Ten tracks of timeless, simply adorned song-craft never constrained by Nashville tropes.
David Sheppard 2010
Tambourine-wielding 23-year-old Tennessean Caitlin Rose had musical antennae wagging at the beginning of the year with her debut EP, Dead Flowers: an opening salvo which evinced a refreshingly ballsy yet ingenuous approach to the country idiom. One national newspaper dubbed her “the most exciting act in Nashville right now,” which might be regarded as small beer by more cynical observers of contemporary country’s mawkish power ballad predilection, although it should certainly have had fellow Nashvillians Lambchop and Cortney Tidwell looking to their laurels.

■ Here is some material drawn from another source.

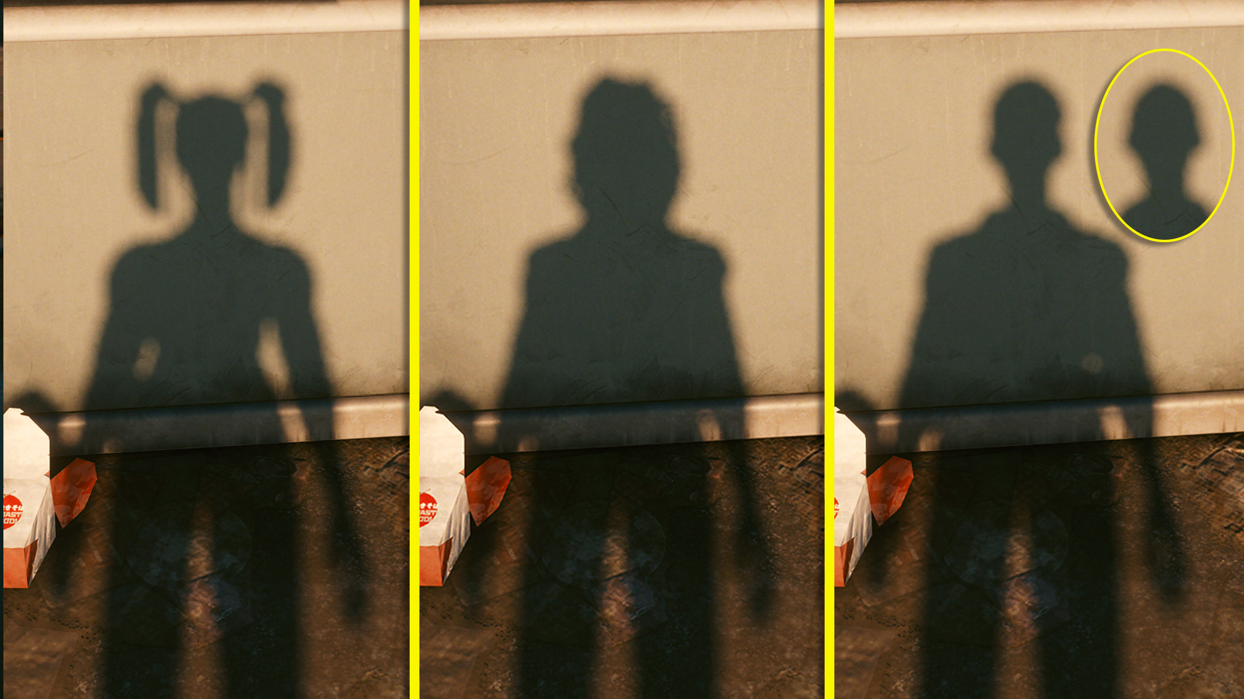 В то время как тени NPC отрисовываются корректно, главный герой V (Ви) довольствуется «стандартной тенью».

Delivering on that precocious promise, Rose’s debut long-player actually reins in her EP’s feistier extremes somewhat to deliver 10 tracks of timeless, simply adorned (albeit by some dextrously restrained Music Row stalwarts) song-craft which, while they certainly doff a 10-gallon hat to the country canon, never seem constrained by Nashville tropes, old or new. Sure, there are sobbing pedal steel guitars and twanging Telecaster licks, but for the most part the sound is based on unfussy acoustic guitars, brushed drums and slivers of Hammond organ, all in service of Rose’s keening, compelling vocals.
Jaunty opener Learning to Ride is an elegant exemplar of this approachable indie/country/pop hybrid, while the less sunny Own Side offers a different lesson in crisp, country-rock economy. For the Rabbits, meanwhile, is a 1950s-tinged ballad bathed in delicious vibrato guitars; like Wanda Jackson covering Laura Veirs.
Much has been made of Rose’s singing voice, a thing of yearning clarity which can’t help but summon the ghost of country grand dames like Patsy Cline and Loretta Lynn, although she also brings a dreamier, Linda Ronstadt-like quality to the wistful New York City and there’s more than a hint of Lucinda Williams’ lived-in ache on the bruised Sinful Wishing Well – no mean achievement for such a stripling chanteuse.
Lyrically, she’s perspicacious beyond her years, too. Indeed, the elongated smoking metaphor that pervades sprightly Shanghai Cigarettes (concluding with the poignant payoff couplet: “Trying to quit will make you wish you didn’t start / ‘Cos the pack is as empty as the hole in your heart”) is worthy of George Jones in his pomp.